The 18 ppm atmospheric reality and the 1,000-tonne ASU threshold
Neon is a rare gas, making up only about 0.0018% (18.18 ppm) of Earth's atmosphere by volume. It is obtained exclusively through fractional distillation of liquefied air in large air separation units (ASUs). Because of its tiny atmospheric concentration, only the largest ASUs can extract rare gases in commercially viable quantities.
Large-scale ASUs with oxygen capacity exceeding 1,000 tonnes per day are required for economical neon extraction. These massive facilities are typically co-located with steel plants to supply oxygen for steelmaking processes — creating an inherent dependency between neon availability and steel production capacity.
Key structural constraint: Because neon is not mined but captured as a byproduct, its supply cannot be ramped up independently of steel manufacturing. Bringing new neon extraction and purification capacity online takes 1 to 3 years, meaning supply disruptions have long correction timelines.

The purification bottleneck
Crude neon extracted from ASUs requires further purification to semiconductor-grade purity levels before it can be used in excimer laser systems. Only a handful of specialized facilities worldwide handle this purification process, adding another layer of supply chain concentration risk.

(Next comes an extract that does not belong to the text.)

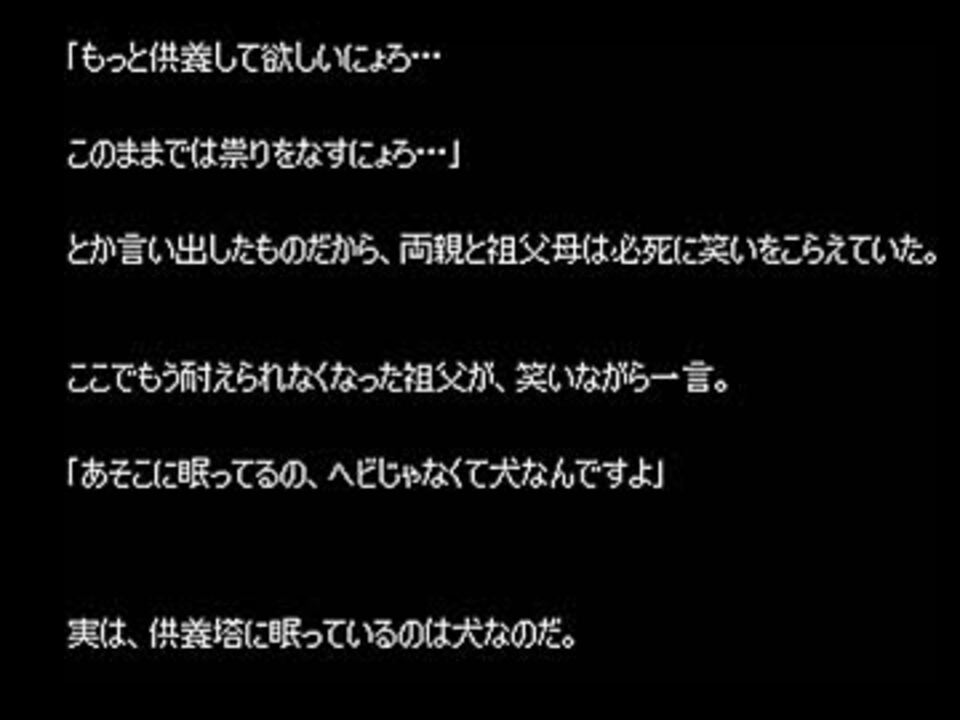 我が家のゆっくりが、オカ板から読んでくれました。<br />一部文章を校正してあります。<br /><br />1話目:<a href="#" class="seekTime" data-seekTime="00:00" onclick="seekNicoPlayer('#00:00'); return false;">#00:00</a> 飛び込んだ先(グロ注意) <br />2話目:<a href="#" class="seekTime" data-seekTime="02:28" onclick="seekNicoPlayer('#02:28'); return false;">#02:28</a> 欲しがる妹 <br />3話目:<a href="#" class="seekTime" data-seekTime="05:01" onclick="seekNicoPlayer('#05:01'); return false;">#05:01</a> ヘビ塚 <br /><br />人によっては残酷と感じる表現が含まれる場合がありますので<br />お気に召されないお話があった場合は、飛ばしてご視聴下さい。<br /><br />自動で次の動画に移動するように設定してあります。<br />(最新の動画のみ、最初の動画に移動します。)<br /><br />ループが嫌な方は、お手数なのですが終わり際で停止ボタンを<br />押すようにして下さい。<br /><br />主コミュ>>co120573<br />Twitter>><a href="https://twitter.com/ikka_gunma" target="_blank" rel="noopener nofollow">https://twitter.com/ikka_gunma</a><br />バックナンバー>><a href="https://www.nicovideo.jp/mylist/31377965" target="_blank" rel="noopener">mylist/31377965</a><br />別シリーズ>><a href="https://www.nicovideo.jp/mylist/35018789" target="_blank" rel="noopener">mylist/35018789</a>

That geographic clustering compounds the problem. Purification capacity has historically been concentrated in Ukraine, with growing capacity emerging in China, South Korea, and the United States — leaving the global supply chain exposed to regional disruptions at any point in that narrow network.
Competing demand from other industries
That purification bottleneck matters more because photolithography isn't neon's only industrial consumer. Neon feeds a range of applications that draw from the same constrained supply pool:
- Industrial cutting and welding lasers
- Medical excimer lasers for vision correction surgery (LASIK)
- Display manufacturing and annealing processes
- Lighting applications
During supply crunches, these industries compete directly with semiconductor fabs — and spot prices reflect it. Neon prices surged more than 500% following the 2022 disruption in Ukraine, underscoring how quickly competing demand overwhelms available supply.
A Pattern of Vulnerability: Major Neon Supply Disruptions from Ukraine to the Middle East
The 600% price shock of 2014
The semiconductor industry received its first modern warning about neon supply concentration in 2014. Following Russia's annexation of Crimea, neon prices spiked approximately 600% as Ukrainian production facilities were disrupted. The crisis briefly drew attention to supply chain vulnerabilities before prices stabilized and the industry returned to business as usual — with no meaningful diversification investments made in the eight years that followed.
The 2022 Ukrainian collapse
Ukraine historically accounted for 50% to 70% of global semiconductor-grade neon production before the 2022 Russian invasion. This supply chain relied on a critical dual dependency: Russian crude neon — extracted as a byproduct of Russian steel manufacturing — was shipped to Ukraine for purification at specialized facilities.
When Russia invaded Ukraine in February 2022, this dual-dependency structure unraveled together. Two major Ukrainian purification facilities halted operations:
- Ingas (Mariupol): Produced 15,000 to 20,000 cubic meters of neon per month
- Cryoin Engineering (Odessa): Produced roughly 10,000 to 15,000 cubic meters per month
Neon prices in China soared tenfold in March 2022 as chipmakers scrambled to secure alternative supply.
Industry response and certification delays
Large chipmakers like TSMC, Intel, and Samsung weathered the initial shock due to strategic stockpiles estimated at two to three months of supply. Smaller fabs and research facilities with lower inventory buffers faced far more acute exposure.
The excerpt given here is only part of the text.